Definition of Dynamic programming

• A technique for solving optimisation problems.

• The paradigm of dynamic programming:

• Given a problem P, define a sequence of subproblems, with the following properties: (定义一系列的子问题)

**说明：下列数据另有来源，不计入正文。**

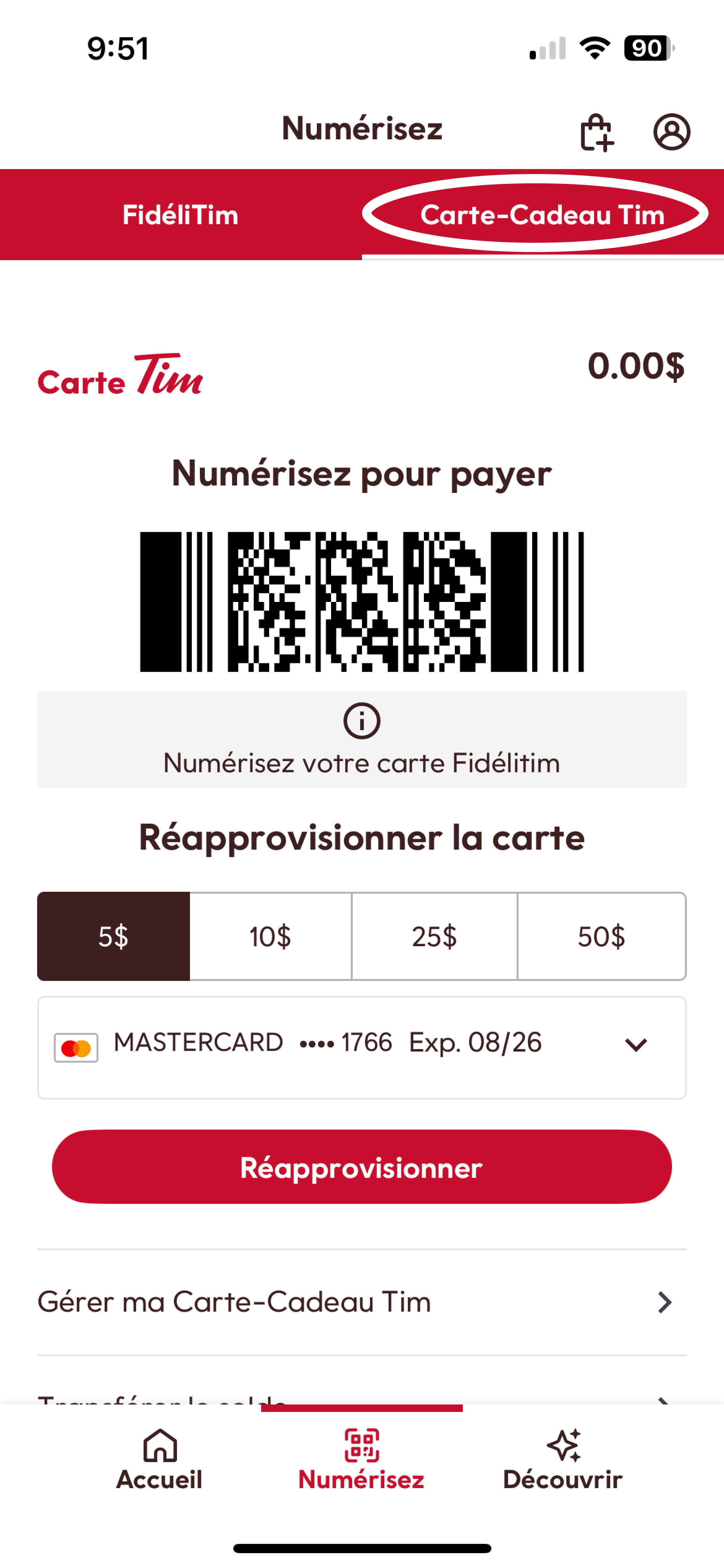 Si vous avez choisi votre Carte-cadeau Tim comme mode de paiement par défaut pour vos commandes mobiles, l’appli vous demandera de réapprovisionner votre carte si le solde est trop bas pour payer votre commande.
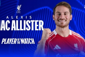 本场比赛麦卡利斯特梅开二度,赛后当选欧冠官方评选出的本场最佳球员。
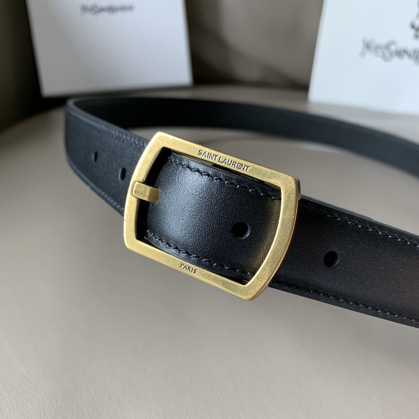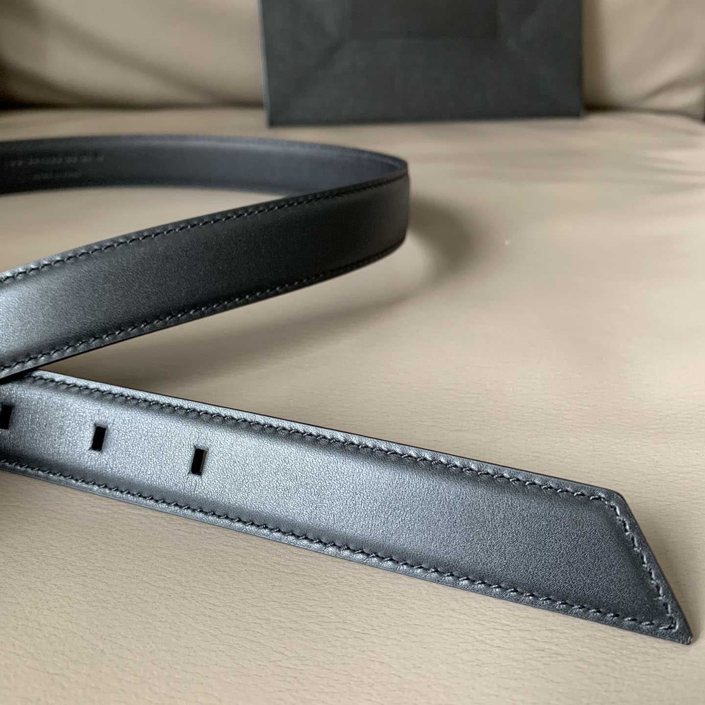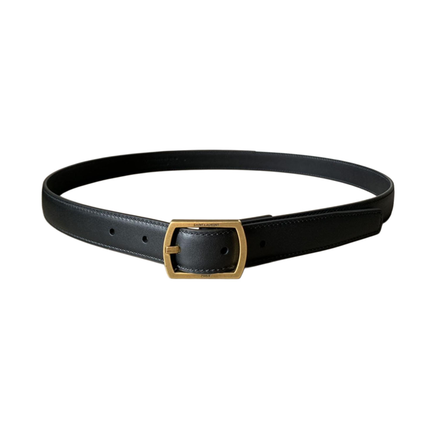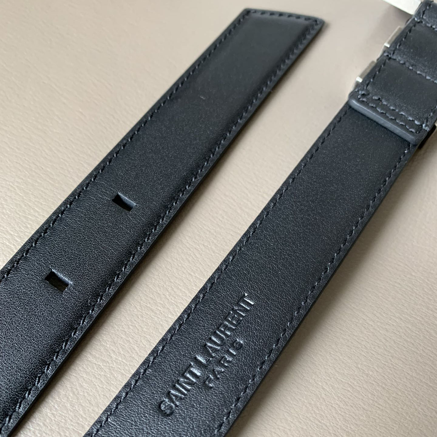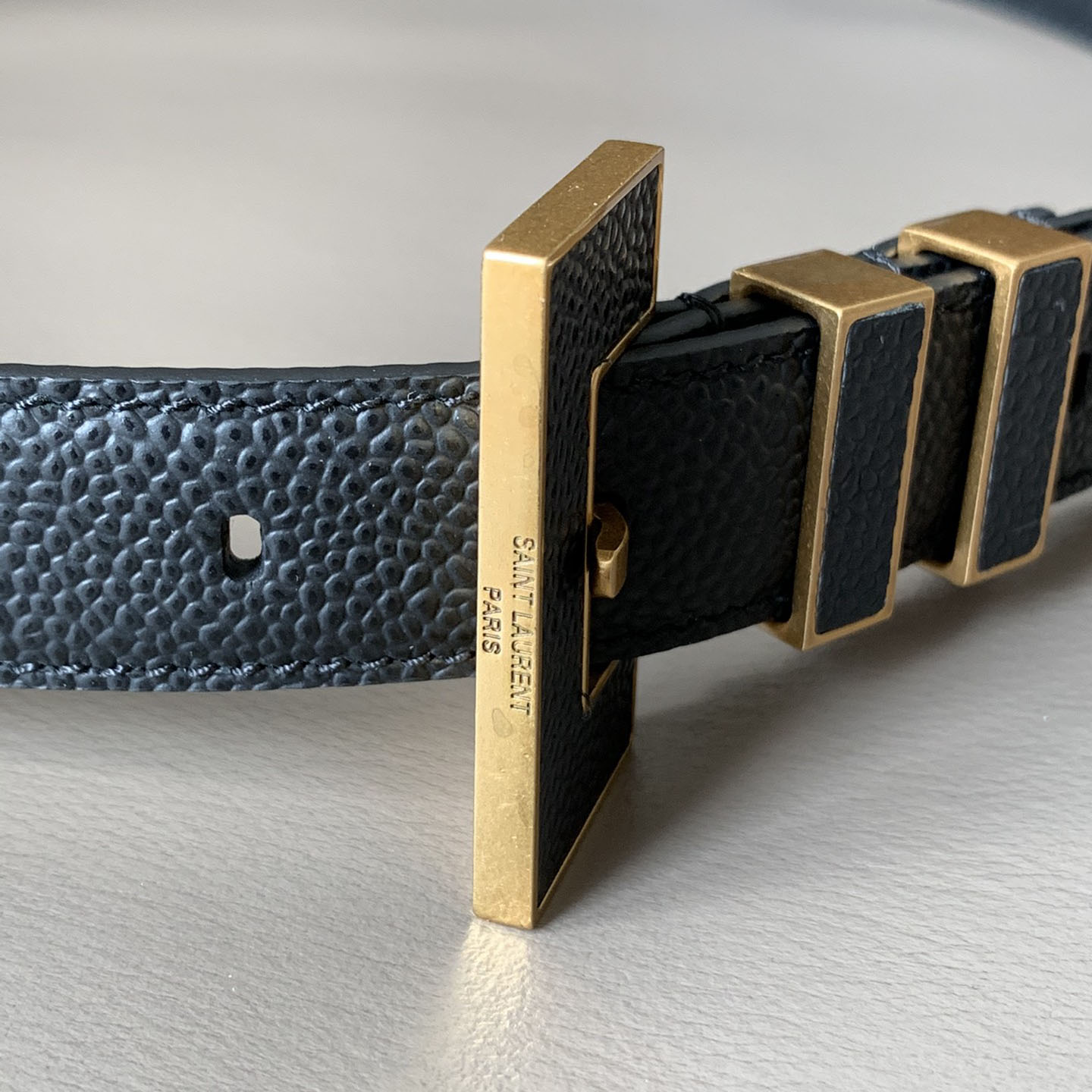 Saint Laurent Carre Rive Gauche Double-Loop Belt In Black Calfskin With Gold/Silver Hardware 25mm

  • The subproblems are ordered from the smallest to the largest. 从小问题到大问题

  • The largest problem is our original problem P. 最大的问题是 P

  • The optimal solution of a subproblem can be constructed from the optimal solutions of sub-sub-problems. (Optimal Substructure). 子问题的最优解可以被更小的子子问题最优解解决

• Solve the subproblems from the smallest to the largest. When you solve a subproblem, store the solution (e.g., in an array) and use it to solve the larger subproblems.

Definition of Weighted Interval Scheduling

• A set of requests {1, 2, … , n}.

  • Request i has a starting time s(i), a finishing time f(i), and a value v(i).

  • Alternative view: Every request is an interval [s(i), f(i)] associated with a value v(i).

• Two requests i and j are compatible if their respective intervals do not overlap.

• Goal: Output a schedule which maximises the total value of compatible intervals.

Subset Sum

The subset sum problem

• We are given a set of n items {1, 2, … , n}.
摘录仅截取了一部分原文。